Oui, je sais, je me cite beaucoup, mais puisque j’ai couvert l’évènement, on ne m’en voudra pas trop d’en profiter. Toutefois, si l’autopromotion vous fatigue, je vous recommande vivement la lecture de l’article The Battle for Germany, écrit (en anglais) par l’organisateur des tournois d’eSport annulé par les municipalités de Stuttgart et Karlsruhe. Il décrit non seulement le climat actuel, mais aussi sa genèse depuis Erfurt, et cerise sur le gâteau, il décrit parfaitement le système allemand « d’indexation » qui fonctionne comme une interdiction officieuse pour les jeux les plus « violents ».

Mais revenons à nos moutons. Sous de tels auspices, l’année 2010 s’annonçait mal. Et pourtant, je trouve qu’elle a été relativement calme. Tout comme 2011, d’ailleurs, du moins pour l’instant. Explication:

D’un côté, aucune loi n’a été votée pour interdire les « killerspiele » (contrairement à ce qui s’est passé en Suisse), et aucun décret n’est venu se rajouter aux lois existantes. De telles mesures ne font même pas partie du programme de la coalition au pouvoir, et le gouvernement a finalement décidé de ne pas en rajouter, d’autant qu’une pétition anti-prohibition a recueilli plus de 70 000 signatures avant d’être envoyée au Bundestag.

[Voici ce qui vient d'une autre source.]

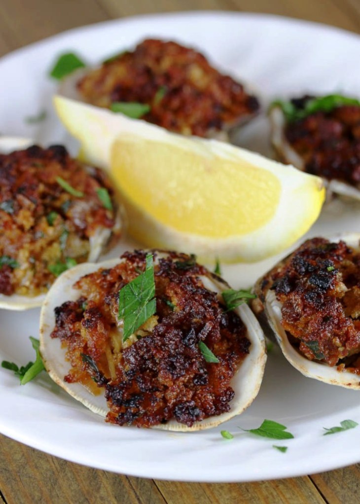 5. Heat your broiler and broil the clams until the stuffing is golden brown, 3-5 minutes. Watch them closely, you don’t want them to burn. Transfer to a plate with tongs and serve with a lemon wedge.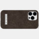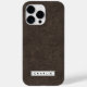 iphone case med en mörk brunt läder struktur (tryckt bild) och ditt namn i ett modernt, maskulinskt sans serif-teckensnitt. Observera att "läder" är en tryckt bild.

De l’autre côté, il est vrai que les détracteurs de la violence vidéoludique n’ont pas désarmé, loin de là. Mais tant qu’il n’y a pas d’initiative politique concrète derrière, ce n’est que de la gueule. Et très souvent, la violence verbale de certains d’entre eux n’est que l’expression de leur impuissance.

Rudolf Weiß
(Mediengewalt e.V.).

Certes, sur le plan scientifique, l’association Mediengewalt e.V., qui regroupe presque tout le gratin des chercheurs anti-« killerspiele » (dont Werner Hopf et Michael Wallies), a sorti ses griffes contre le « fascisme virtuel ». Elle est de plus en plus présente sur le terrain des idées à travers ses études, ses communiqués de presse et la participation de ses membres à divers colloques sur « l’addiction » aux jeux vidéo. En dehors de l’association, Sabine Schiffer et Rudolf Hänsel (qui vient de publier un livre sur la question) ne sont pas en reste. Mais comme je viens de le dire, derrière les outrances verbales se cache le dépit des vaincus. Le gouvernement allemand a renoncé à interdire les « killerspiele », malgré tout ce qu’ils ont pu dire et écrire. Ils sont amers, et dans leurs communiqués (comme celui sur Modern Warfare 2), ils ne s’en cachent même pas.

Sur le plan politique et médiatique, qu’en est-il ? Si aucune initiative concrète n’est à déplorer, il y en a toujours un ou deux pour pousser une gueulante sans lendemain. C’est inévitable, et ces sorties méritent rarement l’attention, sauf quand elles s’illustrent par leur hypocrisie, leur ridicule, ou les deux. Et de toute manière, elles sont largement compensées par des initiatives plus « positives », comme la BundestagsLan qui a eu lieu en février dernier.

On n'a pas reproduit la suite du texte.